How to complete this task: When you write out the listing, keep each word exactly as it stands but include none of its images.

The data:
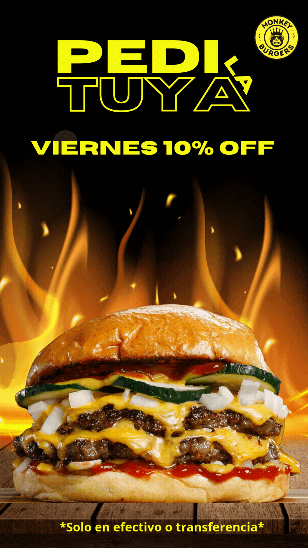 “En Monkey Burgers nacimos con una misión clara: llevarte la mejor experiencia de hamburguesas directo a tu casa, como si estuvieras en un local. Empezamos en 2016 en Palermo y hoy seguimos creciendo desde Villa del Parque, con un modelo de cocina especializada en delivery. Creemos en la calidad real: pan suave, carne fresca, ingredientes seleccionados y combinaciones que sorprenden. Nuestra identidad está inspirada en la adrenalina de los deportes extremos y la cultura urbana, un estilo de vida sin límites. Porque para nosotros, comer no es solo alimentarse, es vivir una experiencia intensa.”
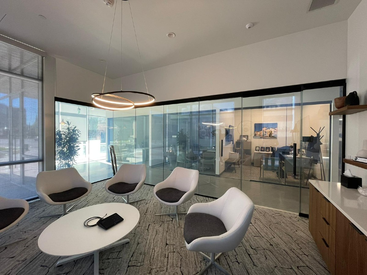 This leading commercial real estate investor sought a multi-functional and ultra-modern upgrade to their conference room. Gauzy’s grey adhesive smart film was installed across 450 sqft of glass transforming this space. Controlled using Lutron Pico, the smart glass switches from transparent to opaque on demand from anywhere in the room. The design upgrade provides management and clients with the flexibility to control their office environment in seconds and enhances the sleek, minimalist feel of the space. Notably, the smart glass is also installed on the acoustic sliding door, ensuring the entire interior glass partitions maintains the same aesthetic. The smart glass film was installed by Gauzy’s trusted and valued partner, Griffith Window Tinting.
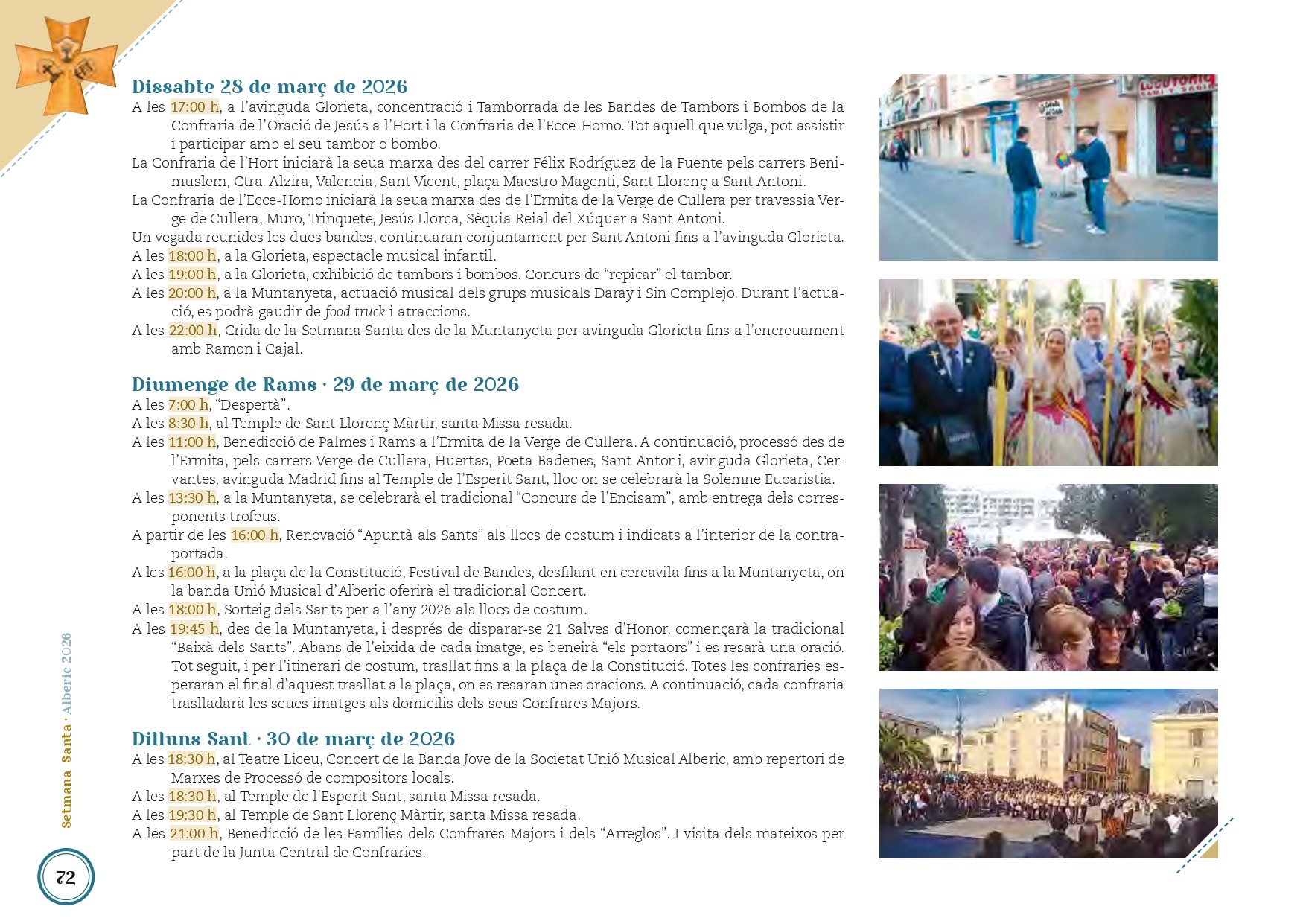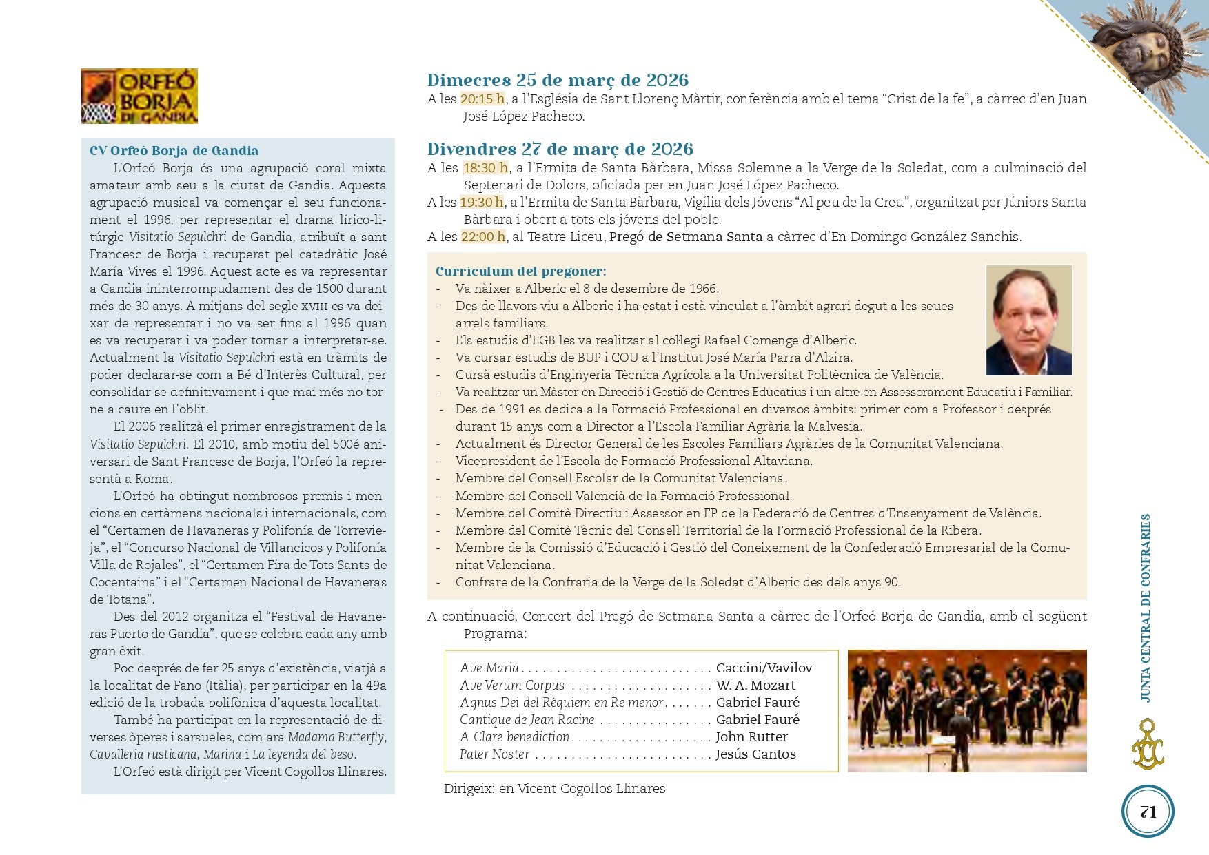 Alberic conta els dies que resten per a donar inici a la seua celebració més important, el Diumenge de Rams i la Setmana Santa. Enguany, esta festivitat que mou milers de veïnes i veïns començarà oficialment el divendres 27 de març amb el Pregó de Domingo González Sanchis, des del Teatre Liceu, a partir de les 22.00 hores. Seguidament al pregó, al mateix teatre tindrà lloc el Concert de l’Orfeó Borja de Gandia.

Task result:
 “En Monkey Burgers nacimos con una misión clara: llevarte la mejor experiencia de hamburguesas directo a tu casa, como si estuvieras en un local. Empezamos en 2016 en Palermo y hoy seguimos creciendo desde Villa del Parque, con un modelo de cocina especializada en delivery. Creemos en la calidad real: pan suave, carne fresca, ingredientes seleccionados y combinaciones que sorprenden. Nuestra identidad está inspirada en la adrenalina de los deportes extremos y la cultura urbana, un estilo de vida sin límites. Porque para nosotros, comer no es solo alimentarse, es vivir una experiencia intensa.”
 This leading commercial real estate investor sought a multi-functional and ultra-modern upgrade to their conference room. Gauzy’s grey adhesive smart film was installed across 450 sqft of glass transforming this space. Controlled using Lutron Pico, the smart glass switches from transparent to opaque on demand from anywhere in the room. The design upgrade provides management and clients with the flexibility to control their office environment in seconds and enhances the sleek, minimalist feel of the space. Notably, the smart glass is also installed on the acoustic sliding door, ensuring the entire interior glass partitions maintains the same aesthetic. The smart glass film was installed by Gauzy’s trusted and valued partner, Griffith Window Tinting.
 Alberic conta els dies que resten per a donar inici a la seua celebració més important, el Diumenge de Rams i la Setmana Santa. Enguany, esta festivitat que mou milers de veïnes i veïns començarà oficialment el divendres 27 de març amb el Pregó de Domingo González Sanchis, des del Teatre Liceu, a partir de les 22.00 hores. Seguidament al pregó, al mateix teatre tindrà lloc el Concert de l’Orfeó Borja de Gandia.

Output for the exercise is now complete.